Minister twierdzi, że nie może ustąpić póki parlament się do wyroku trybunału nie dostosuje i nie zniesie tego obowiązku mocą.
Jak na razie jesteśmy w reżimie prawnym obecnym, który nakłada obowiązki zarówno na Ministerstwo Finansów, jak i na województwo mazowieckie - mówi minister Szczurek.
Jeszcze dziś marszałek Mazowsza Adam Struzik chce poprosić ministra o zaprzestanie egzekucji. Już jednak wiemy, że minister nie odpuści.

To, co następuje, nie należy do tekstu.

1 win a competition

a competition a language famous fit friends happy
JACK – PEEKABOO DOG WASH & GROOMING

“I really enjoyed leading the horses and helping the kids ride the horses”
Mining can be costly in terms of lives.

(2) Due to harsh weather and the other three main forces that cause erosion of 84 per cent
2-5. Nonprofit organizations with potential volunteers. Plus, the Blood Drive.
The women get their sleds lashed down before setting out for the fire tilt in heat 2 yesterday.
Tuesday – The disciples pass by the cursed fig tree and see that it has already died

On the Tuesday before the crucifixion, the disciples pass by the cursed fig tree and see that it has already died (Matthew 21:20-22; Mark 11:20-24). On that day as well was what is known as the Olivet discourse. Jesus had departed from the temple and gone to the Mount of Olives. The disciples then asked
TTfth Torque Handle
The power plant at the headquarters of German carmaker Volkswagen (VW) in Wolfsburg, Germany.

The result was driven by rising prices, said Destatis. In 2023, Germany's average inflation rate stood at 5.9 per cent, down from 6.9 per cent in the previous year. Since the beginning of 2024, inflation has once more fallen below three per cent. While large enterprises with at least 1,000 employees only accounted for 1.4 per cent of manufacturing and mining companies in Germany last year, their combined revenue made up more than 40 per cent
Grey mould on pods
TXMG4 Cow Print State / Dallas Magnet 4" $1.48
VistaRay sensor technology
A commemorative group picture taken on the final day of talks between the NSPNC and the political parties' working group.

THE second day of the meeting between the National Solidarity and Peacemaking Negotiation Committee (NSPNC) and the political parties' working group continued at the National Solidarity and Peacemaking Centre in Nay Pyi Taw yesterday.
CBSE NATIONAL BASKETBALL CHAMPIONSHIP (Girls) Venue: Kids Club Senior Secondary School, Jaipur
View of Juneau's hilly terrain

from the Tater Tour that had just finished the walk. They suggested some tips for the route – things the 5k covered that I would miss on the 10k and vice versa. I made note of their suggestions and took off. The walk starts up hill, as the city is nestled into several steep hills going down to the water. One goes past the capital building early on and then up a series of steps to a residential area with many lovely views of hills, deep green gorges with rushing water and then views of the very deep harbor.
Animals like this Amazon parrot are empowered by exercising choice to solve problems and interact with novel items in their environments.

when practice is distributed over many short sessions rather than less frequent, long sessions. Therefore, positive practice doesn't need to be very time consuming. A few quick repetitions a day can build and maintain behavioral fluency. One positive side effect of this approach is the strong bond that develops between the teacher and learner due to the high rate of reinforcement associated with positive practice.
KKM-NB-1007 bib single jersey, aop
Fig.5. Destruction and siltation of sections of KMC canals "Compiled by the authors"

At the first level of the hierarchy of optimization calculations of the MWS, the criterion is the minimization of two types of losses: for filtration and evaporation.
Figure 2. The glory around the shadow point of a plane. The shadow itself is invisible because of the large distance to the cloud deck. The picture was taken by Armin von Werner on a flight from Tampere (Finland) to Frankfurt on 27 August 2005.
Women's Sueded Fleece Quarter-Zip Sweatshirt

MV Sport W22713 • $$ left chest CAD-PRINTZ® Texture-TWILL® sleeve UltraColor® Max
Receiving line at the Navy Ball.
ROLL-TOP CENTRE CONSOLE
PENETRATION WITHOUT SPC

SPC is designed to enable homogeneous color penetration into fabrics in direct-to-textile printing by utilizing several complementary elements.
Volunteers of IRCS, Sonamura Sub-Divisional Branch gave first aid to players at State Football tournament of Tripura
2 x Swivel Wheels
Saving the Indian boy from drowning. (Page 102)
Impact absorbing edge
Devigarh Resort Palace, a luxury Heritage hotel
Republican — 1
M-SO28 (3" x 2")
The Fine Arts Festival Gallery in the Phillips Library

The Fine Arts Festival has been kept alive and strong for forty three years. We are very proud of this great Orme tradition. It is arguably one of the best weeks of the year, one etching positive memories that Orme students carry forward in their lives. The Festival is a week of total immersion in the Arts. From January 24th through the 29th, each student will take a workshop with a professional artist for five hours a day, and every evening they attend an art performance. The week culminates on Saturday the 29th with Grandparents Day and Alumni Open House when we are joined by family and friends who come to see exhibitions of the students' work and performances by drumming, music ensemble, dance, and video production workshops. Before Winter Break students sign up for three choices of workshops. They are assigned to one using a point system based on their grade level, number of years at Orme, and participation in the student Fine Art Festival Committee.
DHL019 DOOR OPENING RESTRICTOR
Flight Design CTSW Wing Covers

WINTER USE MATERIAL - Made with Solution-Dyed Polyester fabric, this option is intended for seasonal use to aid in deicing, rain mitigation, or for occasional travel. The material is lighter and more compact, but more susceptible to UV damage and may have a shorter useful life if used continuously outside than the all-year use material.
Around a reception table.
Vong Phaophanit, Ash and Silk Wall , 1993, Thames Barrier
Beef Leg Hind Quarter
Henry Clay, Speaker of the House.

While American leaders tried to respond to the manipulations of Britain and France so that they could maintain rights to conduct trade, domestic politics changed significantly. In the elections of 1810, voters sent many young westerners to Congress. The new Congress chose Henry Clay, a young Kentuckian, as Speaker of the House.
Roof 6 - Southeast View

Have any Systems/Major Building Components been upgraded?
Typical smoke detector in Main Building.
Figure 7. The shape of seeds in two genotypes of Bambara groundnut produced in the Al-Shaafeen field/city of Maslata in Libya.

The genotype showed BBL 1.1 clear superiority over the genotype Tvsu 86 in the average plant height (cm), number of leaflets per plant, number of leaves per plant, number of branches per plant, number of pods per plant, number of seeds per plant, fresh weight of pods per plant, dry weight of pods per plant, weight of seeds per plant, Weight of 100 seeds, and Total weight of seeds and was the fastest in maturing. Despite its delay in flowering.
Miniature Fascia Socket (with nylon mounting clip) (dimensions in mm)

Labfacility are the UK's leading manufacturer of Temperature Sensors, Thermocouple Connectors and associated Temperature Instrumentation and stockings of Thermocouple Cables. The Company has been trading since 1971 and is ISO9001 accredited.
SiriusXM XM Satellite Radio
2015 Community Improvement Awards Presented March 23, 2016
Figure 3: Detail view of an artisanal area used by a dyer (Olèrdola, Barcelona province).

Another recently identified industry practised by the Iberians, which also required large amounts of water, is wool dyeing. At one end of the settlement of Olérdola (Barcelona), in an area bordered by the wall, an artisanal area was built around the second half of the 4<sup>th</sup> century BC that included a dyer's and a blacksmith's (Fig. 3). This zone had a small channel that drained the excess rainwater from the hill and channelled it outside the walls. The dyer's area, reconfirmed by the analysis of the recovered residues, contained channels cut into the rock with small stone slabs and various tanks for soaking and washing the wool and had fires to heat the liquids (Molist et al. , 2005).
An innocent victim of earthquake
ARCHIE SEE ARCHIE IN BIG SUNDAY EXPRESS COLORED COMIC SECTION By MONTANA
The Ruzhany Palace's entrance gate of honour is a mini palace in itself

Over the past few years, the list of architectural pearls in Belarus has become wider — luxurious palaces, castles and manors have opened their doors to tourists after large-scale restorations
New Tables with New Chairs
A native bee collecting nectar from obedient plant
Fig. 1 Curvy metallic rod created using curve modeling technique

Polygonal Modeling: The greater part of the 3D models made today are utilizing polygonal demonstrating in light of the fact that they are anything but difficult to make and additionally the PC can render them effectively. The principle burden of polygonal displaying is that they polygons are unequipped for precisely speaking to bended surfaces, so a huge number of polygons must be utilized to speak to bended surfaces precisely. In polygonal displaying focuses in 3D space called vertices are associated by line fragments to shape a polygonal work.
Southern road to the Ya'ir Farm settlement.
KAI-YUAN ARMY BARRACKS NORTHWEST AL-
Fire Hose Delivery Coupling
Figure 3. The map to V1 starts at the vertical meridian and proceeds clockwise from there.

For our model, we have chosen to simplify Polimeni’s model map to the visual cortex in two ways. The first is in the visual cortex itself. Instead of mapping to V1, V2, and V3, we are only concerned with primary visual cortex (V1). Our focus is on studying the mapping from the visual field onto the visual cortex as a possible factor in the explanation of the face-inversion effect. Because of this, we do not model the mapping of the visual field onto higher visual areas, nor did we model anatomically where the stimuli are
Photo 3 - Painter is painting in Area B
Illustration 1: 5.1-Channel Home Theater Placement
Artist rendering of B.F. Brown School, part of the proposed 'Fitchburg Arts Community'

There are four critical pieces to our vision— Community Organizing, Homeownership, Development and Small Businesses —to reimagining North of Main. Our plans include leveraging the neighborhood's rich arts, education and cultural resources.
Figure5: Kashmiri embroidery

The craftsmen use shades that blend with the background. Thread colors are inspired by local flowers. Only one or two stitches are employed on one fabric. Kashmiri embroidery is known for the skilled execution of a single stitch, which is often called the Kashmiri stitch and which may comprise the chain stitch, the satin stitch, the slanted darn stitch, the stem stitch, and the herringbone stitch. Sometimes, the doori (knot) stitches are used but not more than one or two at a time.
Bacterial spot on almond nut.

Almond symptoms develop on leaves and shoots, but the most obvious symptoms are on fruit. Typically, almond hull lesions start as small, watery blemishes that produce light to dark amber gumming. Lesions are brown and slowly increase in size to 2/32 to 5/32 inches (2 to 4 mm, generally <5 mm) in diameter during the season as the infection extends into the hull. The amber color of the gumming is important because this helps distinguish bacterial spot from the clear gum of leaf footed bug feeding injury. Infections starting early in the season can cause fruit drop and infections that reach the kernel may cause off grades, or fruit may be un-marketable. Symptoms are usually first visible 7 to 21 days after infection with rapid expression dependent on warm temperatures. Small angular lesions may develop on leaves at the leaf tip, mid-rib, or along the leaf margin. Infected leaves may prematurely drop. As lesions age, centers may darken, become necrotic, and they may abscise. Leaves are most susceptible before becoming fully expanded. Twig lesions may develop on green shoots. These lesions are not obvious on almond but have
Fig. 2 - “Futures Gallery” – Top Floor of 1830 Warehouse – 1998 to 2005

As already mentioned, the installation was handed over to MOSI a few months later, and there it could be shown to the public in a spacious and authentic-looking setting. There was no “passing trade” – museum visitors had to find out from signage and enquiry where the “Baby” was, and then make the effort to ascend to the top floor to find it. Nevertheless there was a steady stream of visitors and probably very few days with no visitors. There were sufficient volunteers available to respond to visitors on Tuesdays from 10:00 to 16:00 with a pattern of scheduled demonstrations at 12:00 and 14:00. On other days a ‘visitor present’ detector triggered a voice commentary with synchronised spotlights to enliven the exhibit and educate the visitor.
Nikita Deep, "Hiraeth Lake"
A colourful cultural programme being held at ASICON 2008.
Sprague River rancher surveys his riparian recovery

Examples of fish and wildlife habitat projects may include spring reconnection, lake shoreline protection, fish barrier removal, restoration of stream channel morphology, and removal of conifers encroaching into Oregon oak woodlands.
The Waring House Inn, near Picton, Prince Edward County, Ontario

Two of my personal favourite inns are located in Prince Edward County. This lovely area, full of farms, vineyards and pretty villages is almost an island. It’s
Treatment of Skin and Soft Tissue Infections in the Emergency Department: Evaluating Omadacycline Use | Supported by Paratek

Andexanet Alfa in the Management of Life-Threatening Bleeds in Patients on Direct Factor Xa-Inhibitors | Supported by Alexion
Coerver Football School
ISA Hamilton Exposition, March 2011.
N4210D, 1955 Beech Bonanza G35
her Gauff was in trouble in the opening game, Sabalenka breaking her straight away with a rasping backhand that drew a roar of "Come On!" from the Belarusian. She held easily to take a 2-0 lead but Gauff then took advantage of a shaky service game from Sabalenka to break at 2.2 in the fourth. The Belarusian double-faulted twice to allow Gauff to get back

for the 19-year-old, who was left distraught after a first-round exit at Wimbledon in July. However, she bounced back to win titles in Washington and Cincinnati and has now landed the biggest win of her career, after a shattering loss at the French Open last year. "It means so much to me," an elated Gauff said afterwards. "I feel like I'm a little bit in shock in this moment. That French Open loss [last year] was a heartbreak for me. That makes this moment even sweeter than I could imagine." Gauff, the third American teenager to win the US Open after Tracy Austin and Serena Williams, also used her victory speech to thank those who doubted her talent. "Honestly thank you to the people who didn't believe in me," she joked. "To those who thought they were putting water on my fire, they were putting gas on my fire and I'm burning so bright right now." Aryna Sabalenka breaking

O tym, że przepisy o janosikowym dotyczące województw samorządowych są niezgodne z konstytucją orzekł w ubiegłym tygodniu Trybunał Konstytucyjny. Sędziowie zakwestionowali przepisy ustawy o dochodach jednostek samorządu terytorialnego w zakresie, w jakim nie gwarantują województwom zachowania istotnej części "dochodów własnych dla realizacji zadań własnych". Uchylone przepisy przestaną obowiązywać po 18 miesiącach od ogłoszenia wyroku.